Hi everybody,
Since the beginning of January until late February in every Italian patisserie and bakery you can find lots of fried pastries.
This Sunday I decided to prepare a traditional Sardinian pastry: the “Para frittus“. They are very similar to the doughnuts, crispy on the outside and fluffy on the inside covered with granulated sugar.
The Sardinian name “Para frittus” literally means “frati fritti (fried Friars)” probably because the hole in the middle looks like the friars’ tonsure and the golden ring around the pastry (created by the oil’s level while frying) seems the white rope they wear as a belt on their tunic.
Whatever the name is, “Para frittus” are one of my favourite Carnival pastries!
Para frittus-Frati fritti
Soft Sardinian doughnuts covered with sugar
Ingredients
- plain flour: 500 grams
- medium eggs: 2
- caster sugar: 50 grams
- whole milk: 200 grams
- Brandy or Rum: 1 shot glass
- salt: 10 grams
- dry yeast: 5 gr
- unsalted butter or lard at room temperature: 50 grams
- organic orange (the grated zest): 1
- granulated sugar for the garnish (as needed)
- sunflower oil for frying (as needed)
Instructions
- Put the dry yeast into the lukewarm milk, stir well and set aside in a warm place for 10 minutes.In the meanwhile put the flour, sugar and orange zest into the food processor.
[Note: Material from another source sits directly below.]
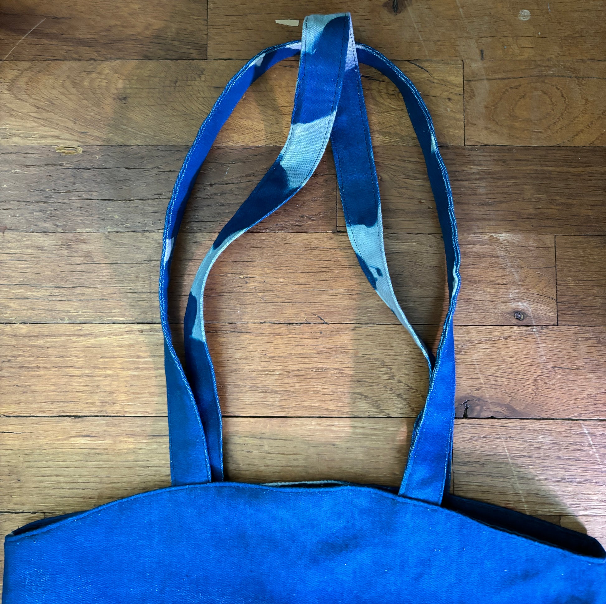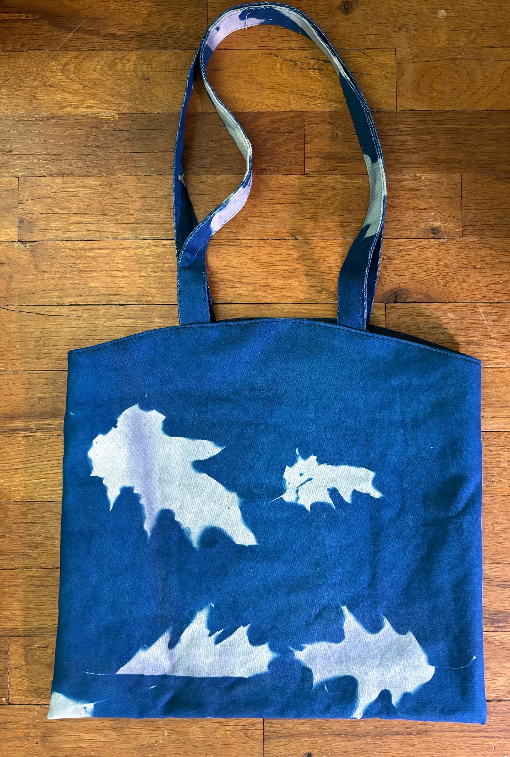 Double Sided Leaf Cyanotype Tote made out of durable cotton fabric and gone through the cyanotype process using leaves creating the well known blue color and lined in cotton. Both sides of the bag have the cyanotype leaf design each different. The Tote measures a height of 13.5 inches, width of 15 inches and the strap length is 12 inches. Each one will be unique as I place the leaves in different places each time. This example is finished and ready to ship!

Start the food processor and add the eggs slightly beaten with the salt. Slowly add also the liquor and the mix of milk and yeast until you'll have a smooth and well combined dough. Add the butter a little at a time and work the dough until the butter is incorporated.
- Transfer the dough on a lightly floured surface and knead it a little, create a ball and set it into a big bowl. Cover with cling film and let it proof overnight (or for 8 hours at least).
- After the resting time put the dough on the worktop, knead it and fold it toward the centre for a couple of time. Divide it into 10/12 little pieces and roll them into balls. Let them rise on a wooden board or on piece of parchment paper covered with some flour, cover with a tea towel and let them rise for 10 minutes. Then put a finger in the centre of each one and swirling them on the floured worktop create a hole, like a doughnut.
- Put the pastries again on the wooden board and let them rise until they duplicate their volume.
- Heat the oil and deep fry the para frittus turning them upside down a couple of time until golden brown.Drain them with a slotted spoon and immediately roll them into the granulated sugar.Serve them warm.